The bunkers are stored in a micro-filling center managed by Fabric in Brooklyn, NY.
The Brooklyn facility, a former warehouse for street vendors in New York City, is dominated by a 7,500-square-foot automated storage system from Fabric, the U.S. Israeli robot supplier, which will also operate the facility when it goes live next year.
Fabric co-founder and CEO Elram Goren said companies that store goods in the facility should be able to pick and pack orders in five minutes or less with just a handful of employees.
We’re interested in a very small number of people, Goren said. According to him, a small system in Tel Aviv with four operators can process up to 1,000 orders a day.
Fabric plans to open another facility next year in Long Island City, Queens, with the goal of adding two more in New York City to create an urban logistics network that could serve multiple brands or retailers.
A worker collects products from bins in the microprocessing centre at the Brooklyn tissue factory.
Most microfinance operations are still in the testing phase, but there is growing interest in the strategy, as supermarket chains and other retailers face increasing demand for e-commerce during the pandemic. The market for automated microfilling centres is estimated at USD 1.2 billion by 2024, according to the research firm Interact Analysis.
Texas retailer H-E-B LP, in cooperation with warehouse equipment supplier Swisslog Holding AG, is installing several automated microfilling systems that will support the receipt and delivery of goods at the end of the chain, according to Swisslog in September.
The micro-functional structures of the AutoStore robot company are essentially giant cubes packed in trays on top of each other, with the most popular items on top for faster access. The robots move on top of the cube, take out the garbage cans and bring them to the station where the workers take over.

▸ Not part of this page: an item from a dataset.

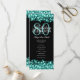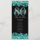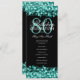 Elegant 80th Birthday Party Program Teal Menu

The most important thing is to store food in a space that can only be picked up by robots, but not by humans.
There is no vertical air space between the containers and only about 15 cm space between the stacks, says Mitch Hayes, vice president of e-commerce and retail at Swisslog Americas. Product units generally consist of three different sections: one for room temperature products, one for refrigerated products and one for fast moving products.
According to Swisslog, more than 200 AutoStore systems have been installed worldwide, with a growing number of micro-filling centres for external logistics service providers, manufacturers and retailers.
The mobile robot scans QR codes during transport of a dumpster.
Kos. and the shopkeeper
are among the companies offering various automated systems from suppliers such as Takeoff Technologies Inc. The fabric also builds a 10,000 square foot site for online grocery retailer FreshDirect LLC and plans to build another site in Dallas of about 40,000 square feet to process food and general merchandise orders.
Non-food retailers are in no hurry to accept this concept, industry experts say.
One of the exceptions is
Last fall, a department store operator installed robotic systems in two warehouses in California to sort outgoing parcels and store and receive stock vertically. Automation takes up less space than traditional distribution and reduces the number of steps performed by human labour.
This enables us to deliver products to our customers faster, said Ngoc Phan, Nordstrom’s Vice President, Supply Chain and Engineering, in an interview last year.
For food companies facing increasing online demand during the pandemic, this technology offers a faster return on investment than large robotic warehouses. At the same time, it enables retailers to process orders faster than in the aisles where people walk, according to Tom Enright, an analyst with the vice president of the supply chain and retail research firm.
You can make a lot more baskets and then cut them into pieces, Mr Enright said. You can receive your order at noon and place it in front of the door before 3pm or 4pm or earlier.